Apache Impala is an open-source massively parallel processing SQL query engine for processing and analyzing large datasets in real-time. It was developed by Cloudera and is based on Google's Dremel paper. Impala supports SQL-like queries and works seamlessly with Hadoop Distributed File System (HDFS) and Apache HBase. In this tutorial, we will learn how to perform CRUD (Create, Read, Update, Delete) operations using Impala.
Prerequisites Before we begin, make sure that you have installed the following on your system via Cloudera Data Platform:
- Impala (version 3.0 or later)
- Impala Shell (impala-shell)
- Hadoop Distributed File System (HDFS)
To connect to Impala, open the Impala Shell by running the following command in your terminal:
impala-shell
You will see the Impala Shell prompt:
[quickstart.cloudera:21000] >
#Type quit; to exit the Impala Shell.
To create a table in Impala, we use the CREATE TABLE statement. Let's create a table named employees with the following schema:
id INT,
name STRING,
age INT,
salary FLOAT
To create the table, run the following command in the Impala Shell:
CREATE TABLE employees (
id INT,
name STRING,
age INT,
salary FLOAT
)
ROW FORMAT DELIMITED
FIELDS TERMINATED BY ',';
This creates an empty table with the specified schema.
To insert data into the table, we use the INSERT INTO statement.
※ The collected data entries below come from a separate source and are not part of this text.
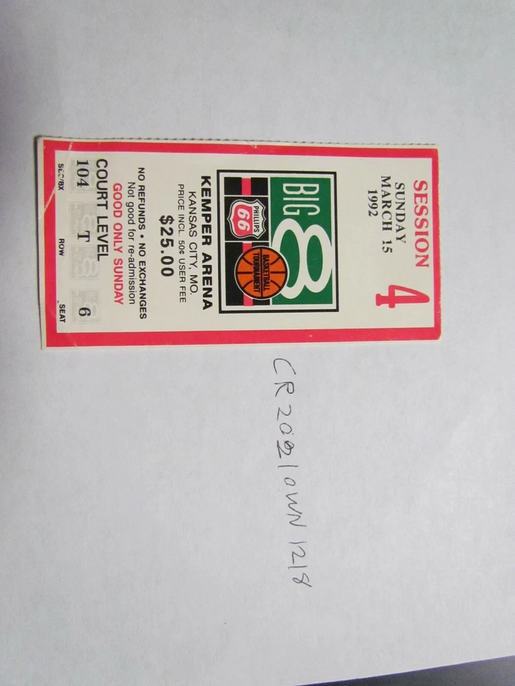 Up for auction March 15, 1992 Big 8 NCAA ticket stub E-mail with questions FREE SHIPPING
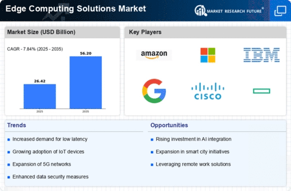 The Edge Computing Solutions Market experiences a notable surge in demand for real-time data processing capabilities. As organizations increasingly rely on instantaneous data analysis for decision-making, the need for edge computing solutions becomes paramount. This trend is particularly evident in sectors such as manufacturing and healthcare, where timely insights can significantly enhance operational efficiency and patient outcomes. According to recent estimates, the edge computing market is projected to reach a valuation of approximately 20 billion dollars by 2026, driven by the necessity for low-latency data processing. Consequently, businesses are investing in edge computing technologies to facilitate faster data handling and improve overall performance, thereby propelling the growth of the Edge Computing Solutions Market.
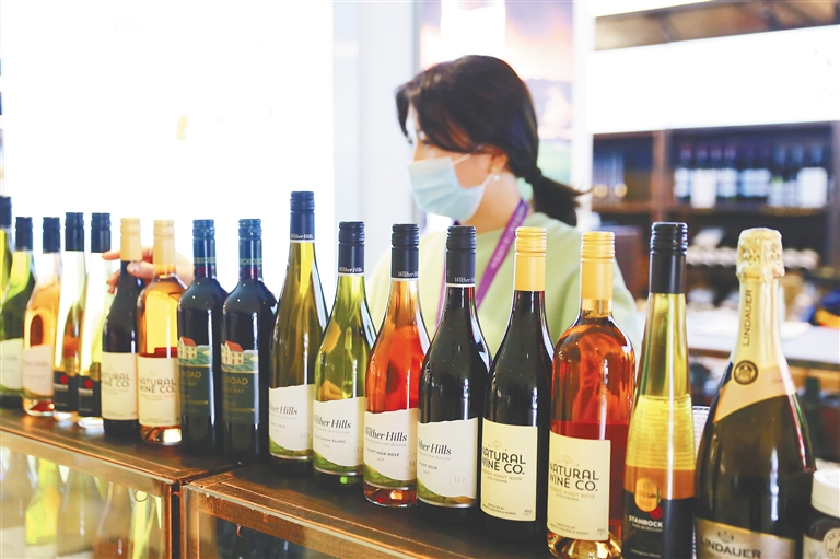 进博会上展出的进口红酒。海南日报记者 张茂 摄

Let's insert some data into the employees table:
INSERT INTO employees VALUES
(1, 'John Doe', 30, 50000.0),
(2, 'Jane Smith', 25, 45000.0),
(3, 'Bob Johnson', 35, 60000.0),
(4, 'Mary Brown', 28, 55000.0);
This inserts four rows of data into the employees table.
To retrieve data from the table, we use the SELECT statement. Let's retrieve all the data from the employees table:
SELECT * FROM employees;
This retrieves all the data from the employees table.
To update data in the table, we use the UPDATE statement. Let's update the salary of the employee with id 1 to 55000.0:
UPDATE employees SET salary = 55000.0 WHERE id = 1;
-- This updates the salary of the employee with id 1 to 55000.0.
To delete data from the table, we use the DELETE FROM statement. Let's delete the employee with id 2:
DELETE FROM employees WHERE id = 2;
-- This deletes the employee with id 2 from the employees table.
In this tutorial, we learned how to perform CRUD operations using Impala. We created a table, inserted data, retrieved data, updated data, and deleted data. Impala is a powerful SQL query engine that can process and analyze large datasets in real-time. With its support for HDFS and HBase, Impala is a great tool for data analysts and data scientists who need to analyze large datasets quickly and efficiently.